Quote all of the data that follows exactly as written, skipping the images.
---- Given material
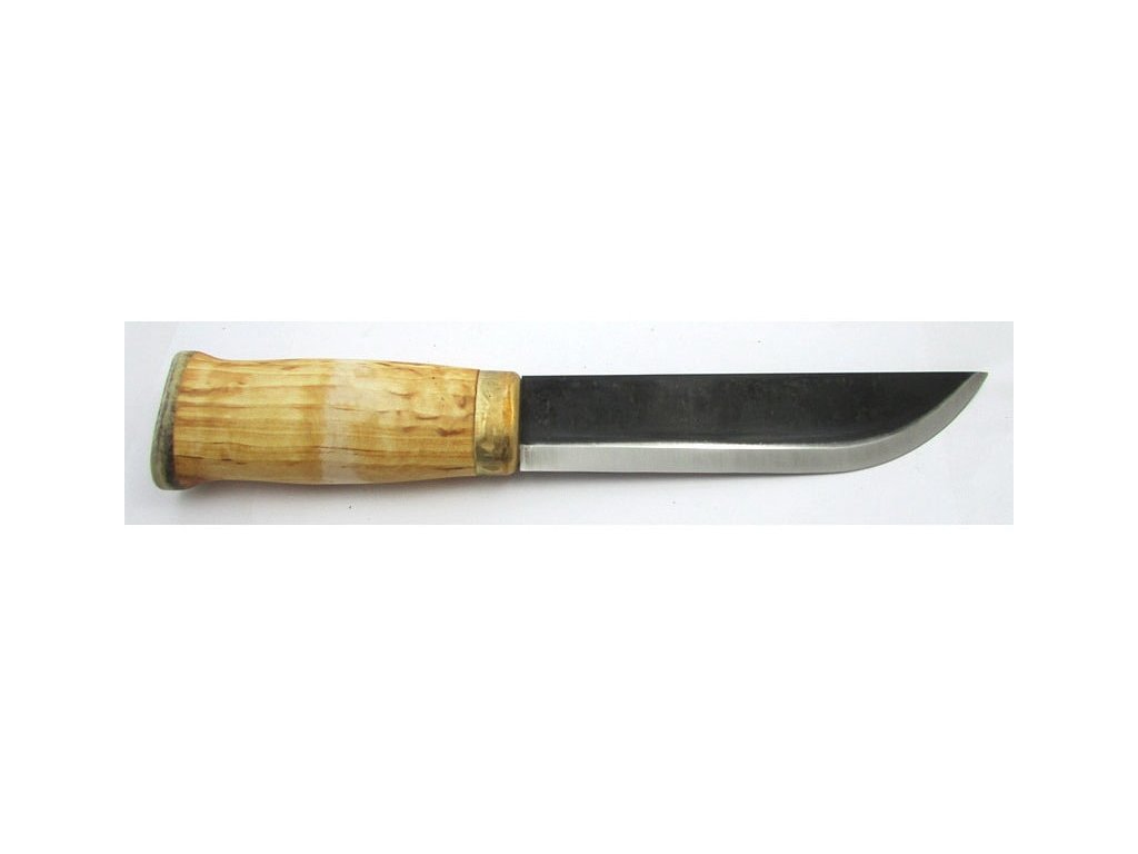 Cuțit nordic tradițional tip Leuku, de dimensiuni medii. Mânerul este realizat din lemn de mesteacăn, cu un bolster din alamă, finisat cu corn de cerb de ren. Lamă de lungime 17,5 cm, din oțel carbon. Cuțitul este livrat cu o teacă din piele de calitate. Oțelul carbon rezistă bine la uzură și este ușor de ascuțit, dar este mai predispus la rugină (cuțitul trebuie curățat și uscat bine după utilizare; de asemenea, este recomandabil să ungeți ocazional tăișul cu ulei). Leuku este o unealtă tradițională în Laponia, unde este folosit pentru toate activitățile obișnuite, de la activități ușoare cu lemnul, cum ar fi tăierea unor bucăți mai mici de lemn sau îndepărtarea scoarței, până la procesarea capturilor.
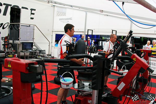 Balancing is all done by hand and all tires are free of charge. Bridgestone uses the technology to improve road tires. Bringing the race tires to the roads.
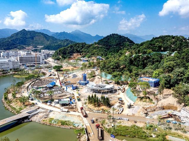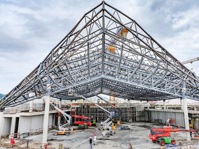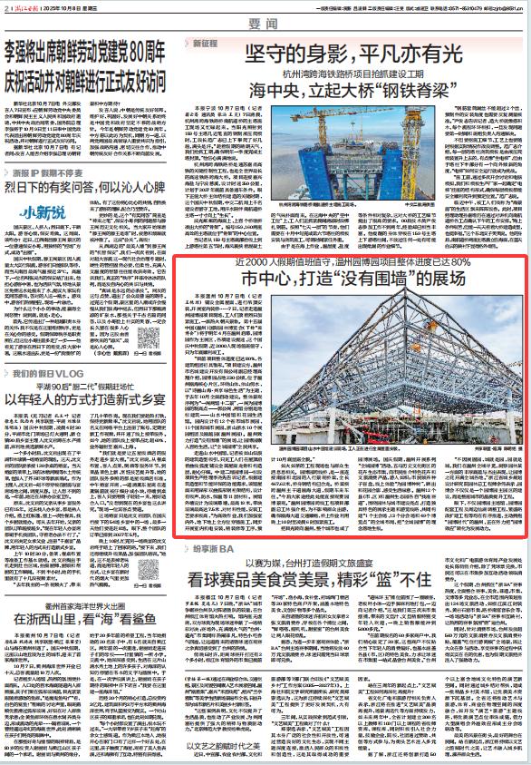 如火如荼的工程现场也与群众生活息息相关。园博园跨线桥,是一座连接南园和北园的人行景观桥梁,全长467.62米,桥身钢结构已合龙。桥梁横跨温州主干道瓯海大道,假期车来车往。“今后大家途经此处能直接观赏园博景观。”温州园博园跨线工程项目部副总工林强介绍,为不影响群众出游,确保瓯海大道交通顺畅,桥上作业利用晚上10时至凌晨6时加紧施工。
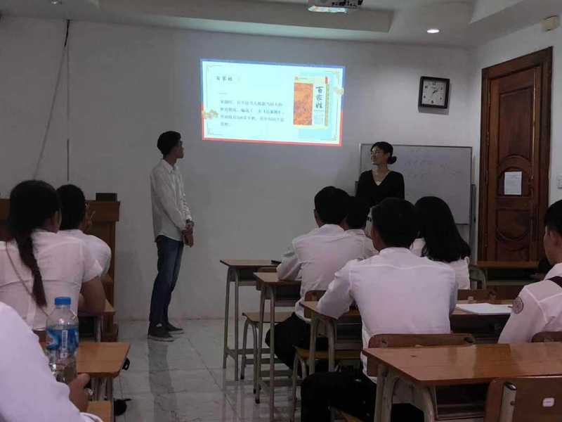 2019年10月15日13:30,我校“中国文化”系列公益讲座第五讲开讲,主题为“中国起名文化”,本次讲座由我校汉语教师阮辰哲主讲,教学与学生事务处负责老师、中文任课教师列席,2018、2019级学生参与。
--------
### Expected output
 Cuțit nordic tradițional tip Leuku, de dimensiuni medii. Mânerul este realizat din lemn de mesteacăn, cu un bolster din alamă, finisat cu corn de cerb de ren. Lamă de lungime 17,5 cm, din oțel carbon. Cuțitul este livrat cu o teacă din piele de calitate. Oțelul carbon rezistă bine la uzură și este ușor de ascuțit, dar este mai predispus la rugină (cuțitul trebuie curățat și uscat bine după utilizare; de asemenea, este recomandabil să ungeți ocazional tăișul cu ulei). Leuku este o unealtă tradițională în Laponia, unde este folosit pentru toate activitățile obișnuite, de la activități ușoare cu lemnul, cum ar fi tăierea unor bucăți mai mici de lemn sau îndepărtarea scoarței, până la procesarea capturilor.
 Balancing is all done by hand and all tires are free of charge. Bridgestone uses the technology to improve road tires. Bringing the race tires to the roads.
 如火如荼的工程现场也与群众生活息息相关。园博园跨线桥,是一座连接南园和北园的人行景观桥梁,全长467.62米,桥身钢结构已合龙。桥梁横跨温州主干道瓯海大道,假期车来车往。“今后大家途经此处能直接观赏园博景观。”温州园博园跨线工程项目部副总工林强介绍,为不影响群众出游,确保瓯海大道交通顺畅,桥上作业利用晚上10时至凌晨6时加紧施工。
 2019年10月15日13:30,我校“中国文化”系列公益讲座第五讲开讲,主题为“中国起名文化”,本次讲座由我校汉语教师阮辰哲主讲,教学与学生事务处负责老师、中文任课教师列席,2018、2019级学生参与。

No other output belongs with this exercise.